The Texas Rangers and starting pitcher Andrew Cashner, 30, have agreed to terms on a one-year deal that will pay the right-hander $10 million in 2017. It’s the first significant money the Rangers have spent so far this offseason.
Cashner has logged 726.1 IP over parts of six seasons (all in the National League), posting a career 3.89 ERA (3.85 FIP) with a 19.7% strikeout rate and 8.3% walk rate. Since 2013, where he’s thrown the overwhelming bulk of his career workload (615 IP), Andrew has posted a similar 3.82 ERA (3.77 FIP).
He’s basically a two-win pitcher, slightly better than league average and someone the Rangers can slot in as their 4th starter. Injuries have been a theme throughout Cashner’s major league tenure, as he has yet to produce a 200 inning season. Texas will hope he can generate a little upside, but at $10 million for one year it’s hard to find much fault in that logic.
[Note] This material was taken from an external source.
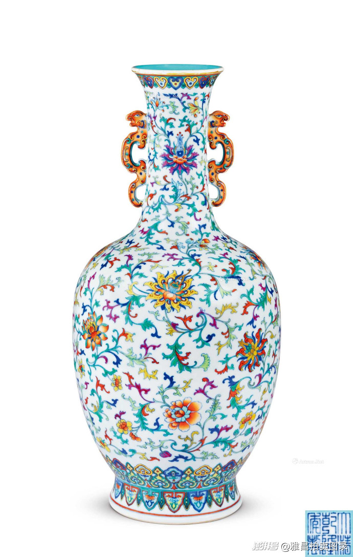 清乾隆 斗彩描金缠枝洋花纹双螭龙耳撇口瓶

Particularly considering just how bleak this year’s free agent class is.
Behind the Insider paywall Keith Law ranked Andrew Cashner his 39th-best free agent this winter.
Another way to look at this signing is, essentially, the Rangers swapped Cashner for Derek Holland’s spot in the rotation. About a week ago they declined Holland’s $11 million option, instead choosing to buy him out for $1.5 million. Add that to what they are paying Cashner, and it comes out to $11.5 million — as opposed to $11 million to keep Derek in the fold.
Apropos of nothing, just something I found kind of funny, is Andrew Cashner has never played for a team that finished the regular season with a record above .500. Below are the records of the teams he has played for, even if only for a few innings:
2010 Cubs: 75-87 2011 Cubs: 71-91 2012 Padres: 76-86 2013 Padres: 76-86 2014 Padres: 77-85 2015 Padres: 74-88 2016 Padres: 68-94 2016 Marlins: 79-82
Even after getting traded to the “contending” Marlins around the trade deadline in 2016, it didn’t help his cause. Granted, the early-2010’s Cubs and 2010’s Padres were pretty bad, overall. And certainly Cashner’s presence, albeit valuable to some degree, wasn’t enough to get them over any sort of hump. He is what he is: at best a fringe-#3; at worst, on the disabled list.
The Rangers are playing it pretty safe. Should they contend in 2016, Cashner will no doubt play some role. But if they don’t, they could always flip him to a contender and net something of value in return, whether it’s a 17 year-old lottery ticket or some bullpen help for 2018-2020.
Beyond that, this is about as lukewarm as the hot stove season gets.